# R32 Skyline tail-lights on Sentra



## jmcmanus1 (Jul 17, 2002)

I've got a '92 Sentra XE. I am getting an SR20 put in in December. Soon after I'm putting a turbo on it. But I was thinking, I would like some cosmetics. I couldn't decide between all the crappy body kits for my Sentra so I thought I would just drop 2" and put some wheels on it. But, I would like some tail-lights. I was thinking what kind of tail-lights I could put on my car and then I thought, "What has really cool tail-lights." After pondering I thought SKYLINE TAIL-LIGHTS!!! Wouldn't it be bad ass to have R32 Skyline tail-lights on a '92 Sentra. But, there are none. If you kind find me some tail-lights for me or fabricate some for me I would be very grateful. Thank you.


----------



## Scott (Apr 15, 2002)

Well, I'm not quite sure what you're asking, but I'm moving this message to the cosmetic forum.


----------



## SentraDragon (Jun 27, 2002)

The only taillight conversion I know of that fits right into the car are the Nissan Tsuru conversion, you can have front or rear lights, the front lights come with a special grill that must be used with them, I don't like it but the rear Tsuru's are hot lights.

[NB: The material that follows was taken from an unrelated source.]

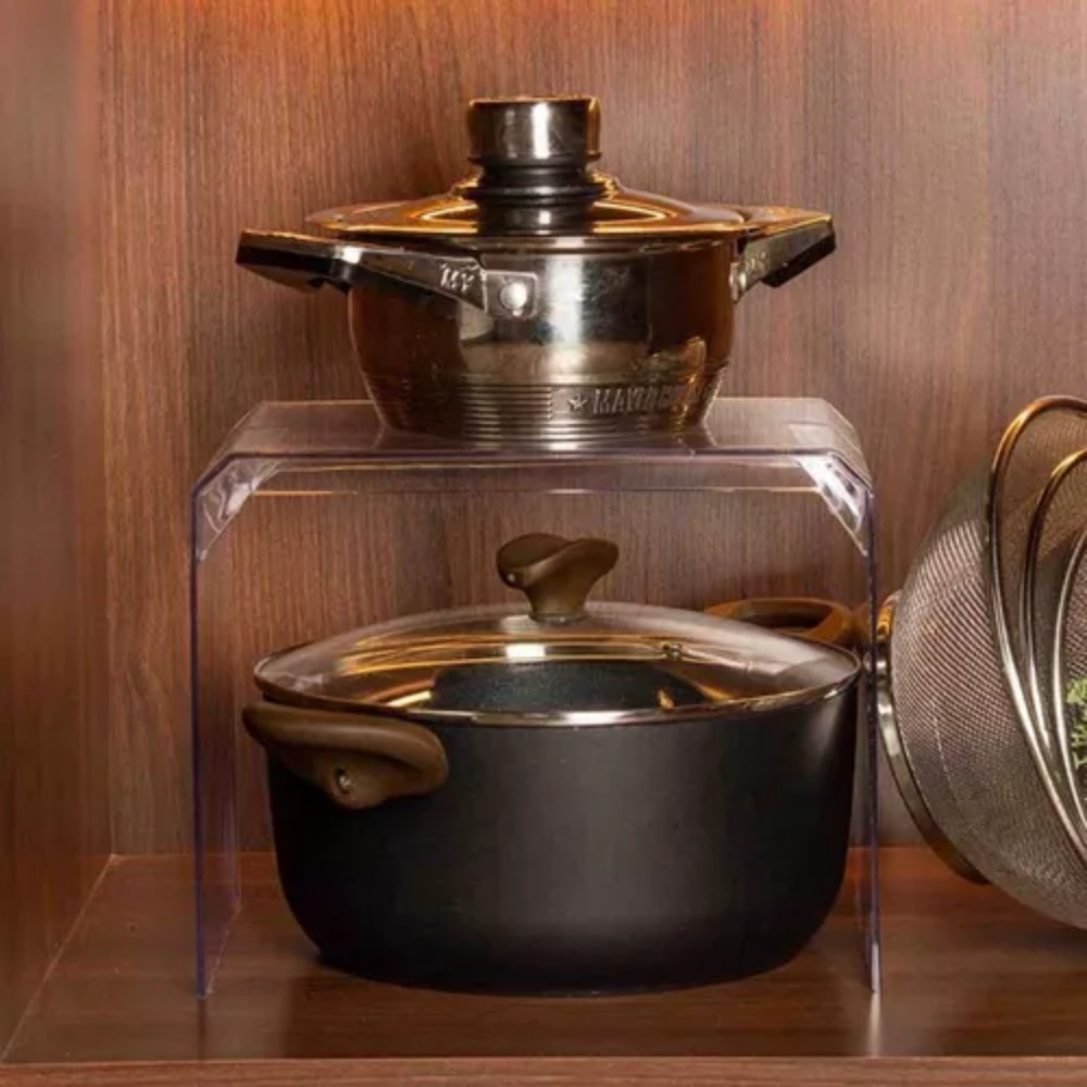 Este suporte multiuso de acrílico é a solução perfeita para maximizar o espaço e organizar diversos itens com elegância e praticidade. Com um design clean e minimalista, ele se adapta a diferentes ambientes, como cozinha, escritório, banheiro ou closet, proporcionando uma organização eficiente e visualmente agradável. Fabricado em acrílico transparente de alta qualidade, o suporte é resistente e durável, ideal para empilhar pratos, organizar livros, eletrônicos ou outros objetos.

Check them out at MossyPerformance . I'm sure someone could fabricate some skyline lights but I don't know anyone.


----------



## div3r5ity (Jun 3, 2002)

*tail lights*

i have r33 taillights on my b13 but the r32(4dr styke) will fit better with less work


----------



## TheNatrix (May 2, 2002)

Will you post pics of your tails? That is a very intriguing conversion...


----------



## div3r5ity (Jun 3, 2002)

jus go to members rides then look for div3r5ity's b13.
that pic was from july its been worked on since den


----------



## jmcmanus1 (Jul 17, 2002)

I can't find pics of your car Div3r5ity. Can you just put a direct link. If I could get any Skyline tail-lights on my car I would be a happy camper, but I do like the R32 better than the rest and they seem like they should go in with relativelly little work.


----------



## nitestridar (Jun 29, 2002)

here you can see it here...http://www.nissanforums.com/showthread.php?s=&threadid=1186


----------



## turbob13 (Sep 28, 2002)




----------



## PrOxLaMuS© (Aug 11, 2002)

Question..... Where did ya get those lights for your B13??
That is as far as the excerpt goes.